Although the image simulations in Fig. 3 reproduce the main contrast in the MEM images, there are some minor discrepancies worthy of discussion. For example, the outer bright concentric ring present in the simulations is not as pronounced in the images. This is probably due to intrinsic roughness of the surface in this region which lowers the experimental contrast. A second feature is that the experimental images at t = 15, 20 min both display approximately fourfold symmetry towards the image centre. This is clearly linked to surface energy anisotropy and faceting in the case of the t = 20 min central crater. Clearly, this cannot be reproduced by the cylindrical symmetry of our simulations and would require a full 3D simulation. Nevertheless, our simulations capture the appearance of a central bright spot at t = 20 min which reflects the crater acting as an electron lens and focussing the electrons to a caustic (Fig. 7).

Fig. 7
figure 7

The family of electron rays simulated in the MEM system of Fig. 1, incident on the \( t=20 \) min surface as shown in Fig. 5. a Electron paths close to the surface demonstrate how the surface can act as an electron lens to focus the electrons in the returning beam. b Apparent straight line paths of the exiting electrons traced back to the virtual image plane \( z=\Delta f+4{L}_M/3, \) for defocus \( \Delta f \) controlled by the magnetic part of the objective lens. The \( x \) positions of the discontinuities in the surface height profile are indicated by vertical dashed lines. The \( x \) positions of the rays have been multiplied by \( 3/2 \) to remove the demagnification of the anode aperture as discussed in [26]. Note that the focusing of the electron beam in the returning trajectories creates a bright caustic central spot on the virtual image plane and the simulated image (Fig. 3)
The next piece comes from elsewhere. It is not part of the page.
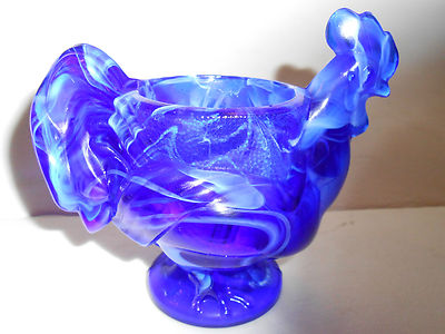Cobalt blue milk slag glass hen / chicken egg cup toothpick holder dish rooster

Effects of spherical aberration can be incorporated into the simulations by adding appropriate shifts to the position of rays in the virtual image plane [26]. Similarly, chromatic aberration can be included by taking a weighted average of a series of monochromatic intensity images for a spread of energy values [26]. However, for spherical aberration coefficient C s ≈ 0.1 m and a Gaussian energy spread of full-width half-maximum 0.3 eV, we find both aberrations have a negligible effect for the relatively low resolution case considered here.
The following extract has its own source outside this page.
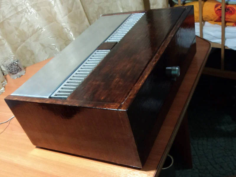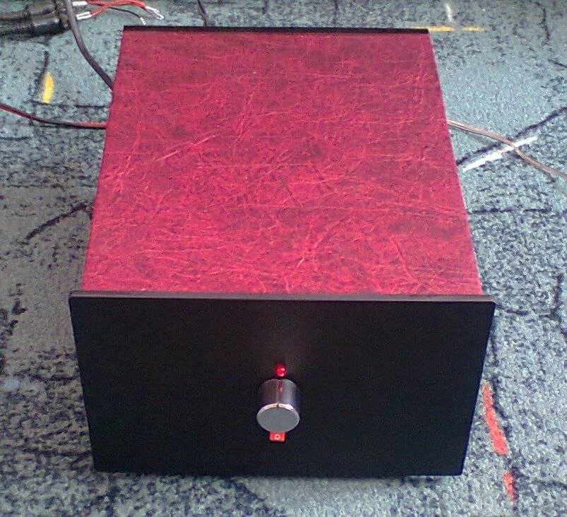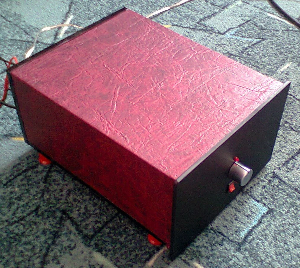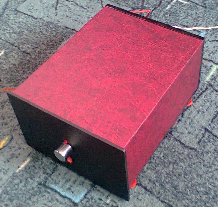 корпус из ДСП+ДВП+дермонтин(цвет-красный мрамор),передняя панель оргстекло 5мм,ошкурено и окрашено в 3слоя с балона автокраской.

The ability to simulate the surface profile and compare with experiment allows us to deduce several important features regarding the mechanisms of droplet epitaxy [20]. Firstly, as can be seen at t = 10 min, deposition of a GaAs inner ring starts to occur at the original position of the droplet contact line. This has been interpreted in terms of enhanced material deposition at the contact line as a result of the vertical force exerted on the substrate in this region [31]. Secondly, the outer ring or skirt forms immediately outside of the droplet periphery indicating it is due to the reaction of Ga adatoms diffusing away from the droplet with deposited As flux. These key observations have been used as a basis for a theory of droplet epitaxy which can explain all of the experimentally observed quantum structures obtained using this technique [20]. The simulations presented here confirm this interpretation.
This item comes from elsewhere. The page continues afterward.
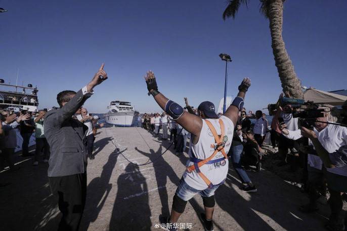 27日,在胡尔加达,埃及人阿什拉夫·马哈鲁斯以一项惊人之举刷新了人们对于人体潜能的认知:他用牙齿咬住绳索,成功拖动一艘停泊在水中的700吨重船。

We have demonstrated, through MEM image simulations, that the time evolution of the surface profile can be determined during droplet epitaxy in real-time. This has confirmed that an inner ring forms at the droplet contact line and an outer ring (or skirt) occurs outside the droplet periphery. These are valuable observations for creating a theory of droplet epitaxy. We believe that the use of MEM combined with image simulations will be used more generally to study the growth and fabrication of quantum structures. This can be achieved at higher resolutions as required, but will likely require the inclusion of spherical and chromatic aberration into the simulation methods to model image contrast.